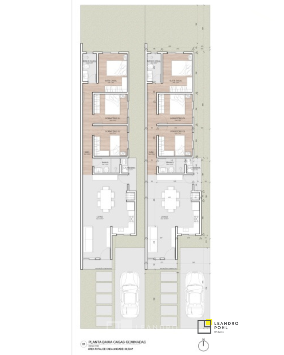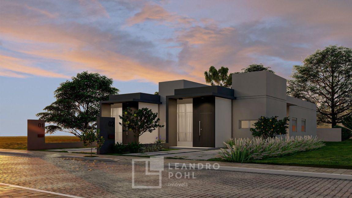 Casa 3 dormitórios com suíte, plana, espera para ar condicionado, aberturas de alumínio, rebaixo em gesso, laminado e porcelanato.
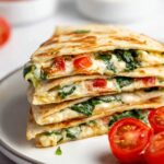 Mediterranean Quesadillas feature flour tortillas filled with a delicious blend of feta and mozzarella cheeses, fresh spinach, diced tomato, and red onion. This quick and wholesome recipe is perfect for a nutritious weekend lunch or a busy weeknight dinner, ready in just 15 minutes.
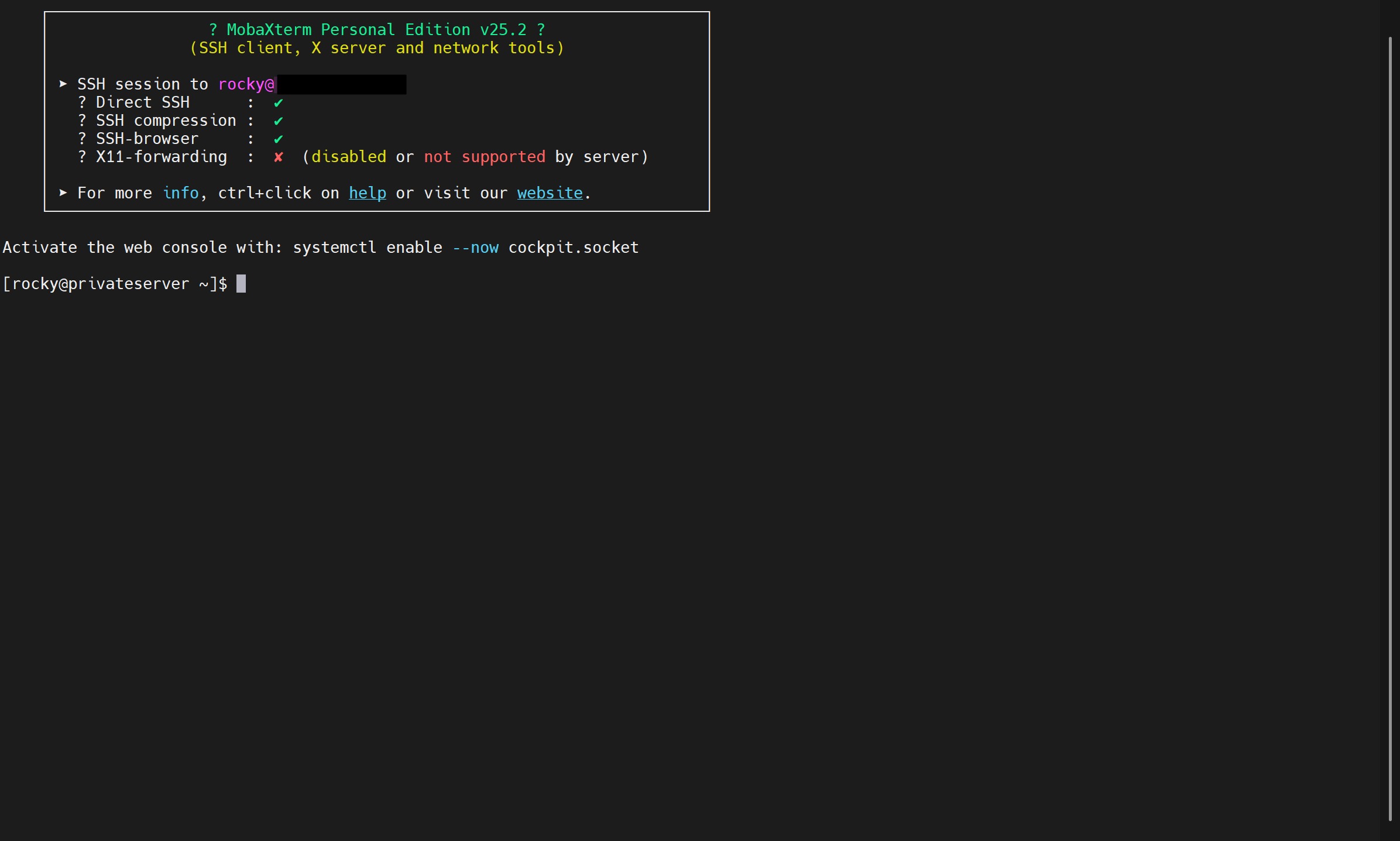 - user명 (서버 생성 화면에서 사용자 명이 rocky로 생성된 것을 확인해서 저는 rocky 입력)

^^^^

■ WHAT THIS TASK INVOLVES ■
Copy the data above word for word. Pictures stay out.

■ EXPECTED ANSWER ■
 Casa 3 dormitórios com suíte, plana, espera para ar condicionado, aberturas de alumínio, rebaixo em gesso, laminado e porcelanato.
 Mediterranean Quesadillas feature flour tortillas filled with a delicious blend of feta and mozzarella cheeses, fresh spinach, diced tomato, and red onion. This quick and wholesome recipe is perfect for a nutritious weekend lunch or a busy weeknight dinner, ready in just 15 minutes.
 - user명 (서버 생성 화면에서 사용자 명이 rocky로 생성된 것을 확인해서 저는 rocky 입력)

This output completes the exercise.